Starting from the line containing "Cueva Ardales. IZDA=objetos", give again every line through the end of the entries, word for word. Pictures stay out of the copy.

Material for this exercise Start Marker

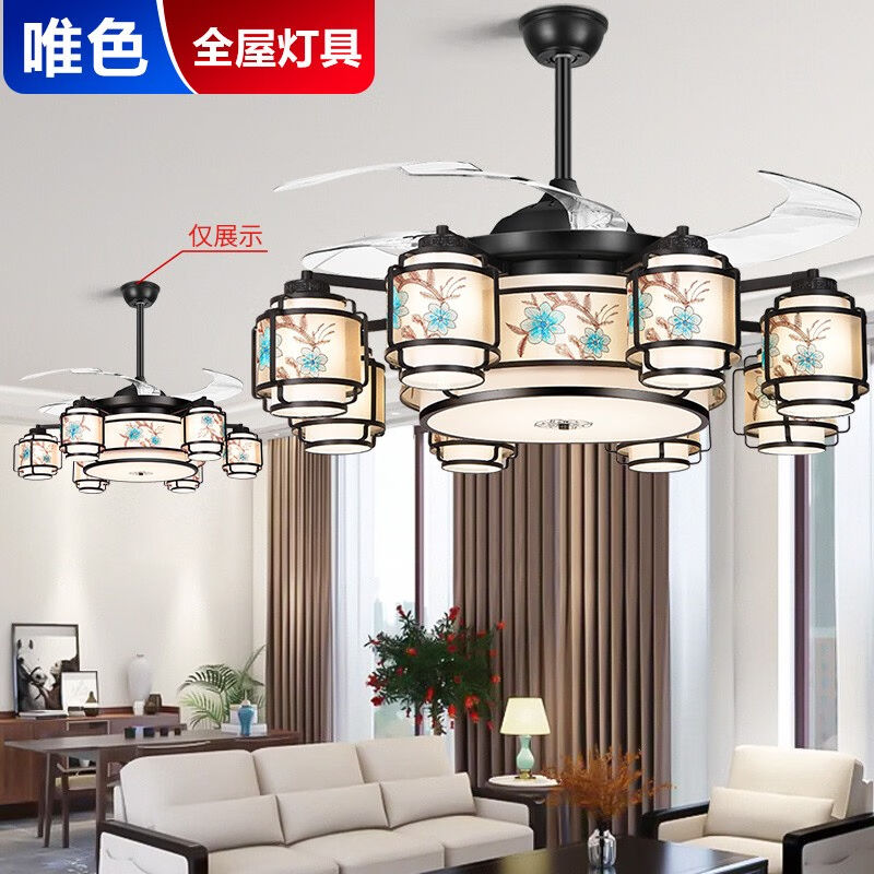 Manufacturer's meritocratic fan light New Chinese living room pendant lamp invisible ceiling fan lamp hall Electric fan lamp with electric fan headlight-Taobao
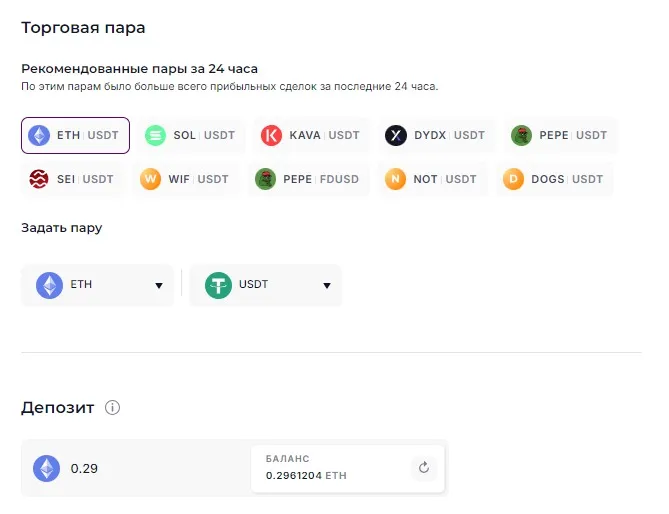 Покажем на примере ETH, так как на момент написания статьи токены Хамстер и Катизен еще не залистились на биржах.
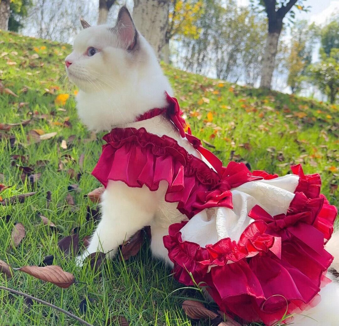 胴回りはホワイトで、レッドリボンやレッドフリルが引き立ちます。
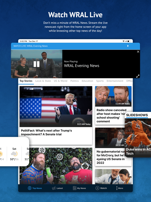 The all-new WRAL News App delivers coverage you can count on in Raleigh, Durham and Fayetteville, NC. Follow breaking news from North Carolina's largest news team and most experienced severe weather team.
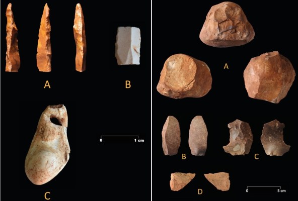 Cueva Ardales. IZDA=objetos singulares en zona 5: A-punta de Gravette, B-hojita retocada, C-canino de ciervo perforado. DCHA=objetos del Paleolítico medio en zona 3: A-núcleo de cuarcita o herramienta pesada, B-hoja, C-lasca Levallois, D-raedera. Crédito: J. Ramos-Muñoz et al (2022).
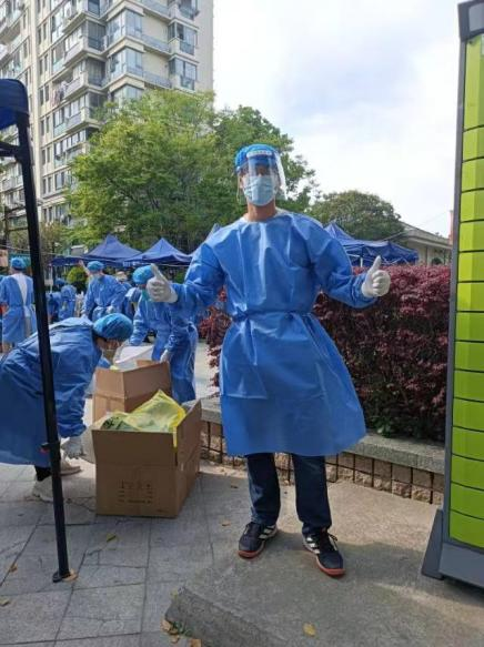 刘诺同志,作为在2020年疫情期间就冒着巨大危险,冲锋在抗疫一线的“老兵”,各个岗位的志愿者服务对他来说驾轻就熟,也习惯性地冲在前面,在秩序维持、物资发放工作岗位。累点他不在乎,他说要与上海“共克时艰”。
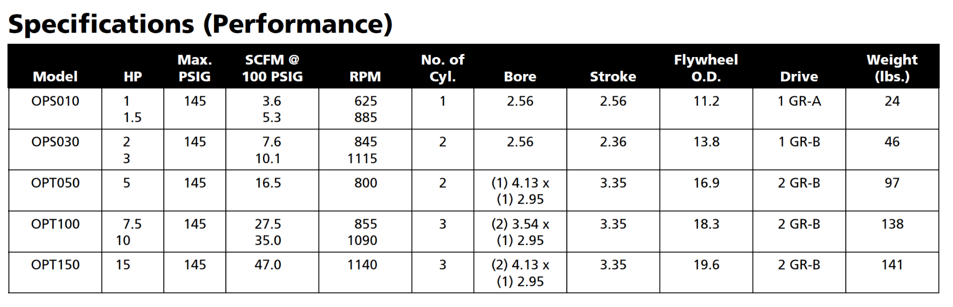 7.6 CFM @ 2 HP, 10.1 CFM @ 3 HP
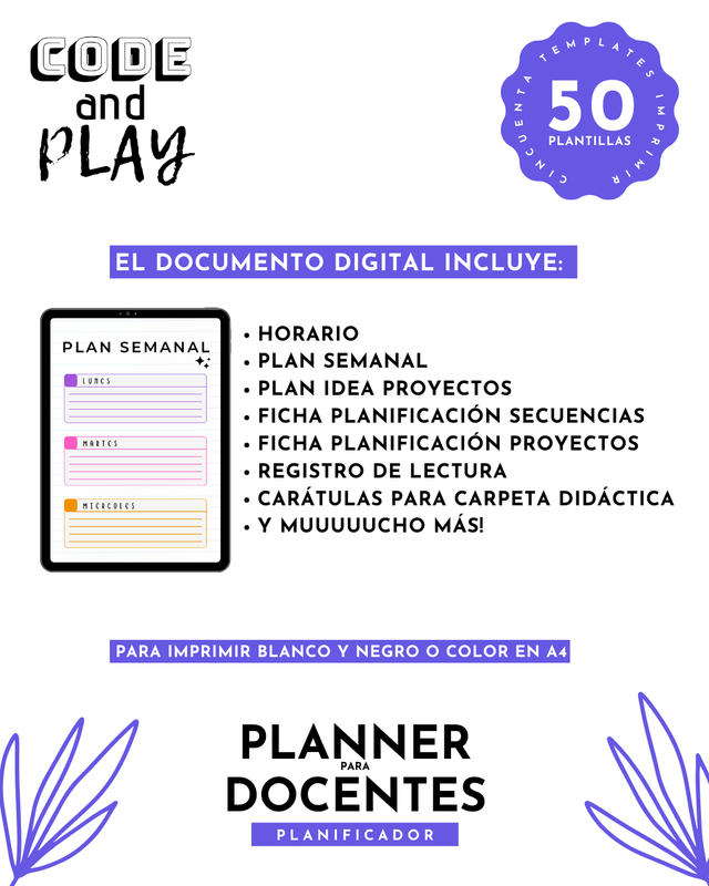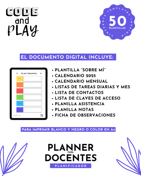 Diseñado para docentes que quieren organizarse en papel y tener su propia agenda personalizada según sus necesidades. Archivo digital en PDF listo para imprimir en Blanco y Negro o Color, en papel A4.

Material for this exercise End Marker

* **Result of this task**
 Cueva Ardales. IZDA=objetos singulares en zona 5: A-punta de Gravette, B-hojita retocada, C-canino de ciervo perforado. DCHA=objetos del Paleolítico medio en zona 3: A-núcleo de cuarcita o herramienta pesada, B-hoja, C-lasca Levallois, D-raedera. Crédito: J. Ramos-Muñoz et al (2022).
 刘诺同志,作为在2020年疫情期间就冒着巨大危险,冲锋在抗疫一线的“老兵”,各个岗位的志愿者服务对他来说驾轻就熟,也习惯性地冲在前面,在秩序维持、物资发放工作岗位。累点他不在乎,他说要与上海“共克时艰”。
 7.6 CFM @ 2 HP, 10.1 CFM @ 3 HP
 Diseñado para docentes que quieren organizarse en papel y tener su propia agenda personalizada según sus necesidades. Archivo digital en PDF listo para imprimir en Blanco y Negro o Color, en papel A4.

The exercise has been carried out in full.